Love, Letters, and Elizabeth Bowen
Julia Parry
Duckworth Books ($24.95)
by Elizabeth Smith
A box of old love letters discovered in an attic is both the premise of Elizabeth Bowen’s ethereal 1955 novel A World of Love and the real-life inheritance of the author of The Shadowy Third, Julia Parry. During the first decade of Bowen’s own marriage, Parry’s grandfather Humphrey House (who was then a young academic) had an affair with the Anglo-Irish writer. Previously unpublished, the letters Parry found chart the arc of the affair from 1930s Oxford through war-torn London. With Bowen currently enjoying a much-deserved re-examination, The Shadowy Third is cannily timed; a paper treasure trove, it includes letters between House and Bowen as well as House’s wife Madeleine, offering a snapshot of a bygone era in which letter writing was the primary form of communication.

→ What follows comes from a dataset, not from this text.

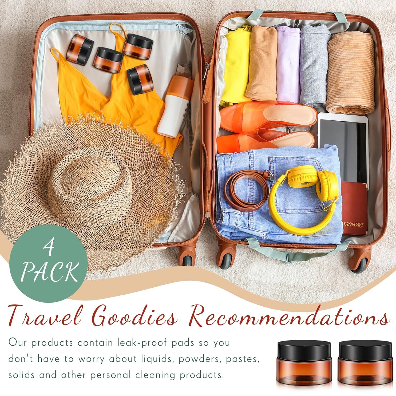 Patelai 4 Pieces Round Wide-mouth Leak Proof Plastic Container Jars with Lids for Travel Storage Makeup Beauty Products Face Creams Oils Salves Ointments DIY Making(1 Ounce,Amber)

Bowen, born in the twilight of the Protestant Ascendancy, called herself a writer first and woman second. A hostess par excellence, she translated her love of life into exquisite prose. In addition to House, her lovers also included the Irish writer Seán Ó Faoláin and Canadian diplomat Charles Ritchie; these dalliances from her virtually chaste marriage provided endless material for her art. Yet the story Parry tells in her book is curiously bloodless, and despite the salacious revelation that Bowen lost her virginity to House (almost ten years after her own wedding night), the latter comes across as an unconvincing lover, a weak man who wrote to his wife before they wed, “I cannot cure myself, even now our marriage is settled, of violent and casual physical attraction to all kinds of women.” In family lore House was eventually forced to escape the clutches of Bowen by fleeing to India, where he learned Bengali and translated poetry, among other desultory end-of-the-Raj jobs. Bowen, meanwhile, had already begun a flirtation with the American poet May Sarton.
Under Parry’s hand, the three main players are spotlit and shadowed by turns. The affair proceeds across England and Ireland, and we see Elizabeth inviting Humphrey (and occasionally, Madeleine) into her sophisticated world of writers, intellectuals, and aristocrats. It is the author herself who is least shadowy. Her journey through the letters, taking her from London to India, the U.S., and Ireland, is studded with vignettes of her family, created through supposition and invention. Like Bowen, whose war effort included reporting to the British authorities on the feelings prevalent in neutral Ireland, Parry calls herself “a spy, an interceptor . . . I have a metaphorical red crayon and pair of scissors,” and she echoes her grandfather’s delight in the “privilege in the discovery of unknown papers.”
Parry wields her scissors heavily, doling out Bowen’s beautiful words with a tight fist, one eye always on her family’s reputation. When we are allowed a glimpse of the prose, however, it is a lovely treat indeed. In a rare full letter, Elizabeth describes “A young woman in a sky-blue dress who walk[ed] past along the bank, by a row of poplars as we were having tea, like a Renoir figure,” and writes even more blissfully of how “Those untrodden-looking valleys slipping liquidly past in the evening light were a dream . . .” Ultimately, Parry’s story is frustrating, however, and her reticence to give Bowen voice begs the question: Who is the “shadowy third” in the triangle?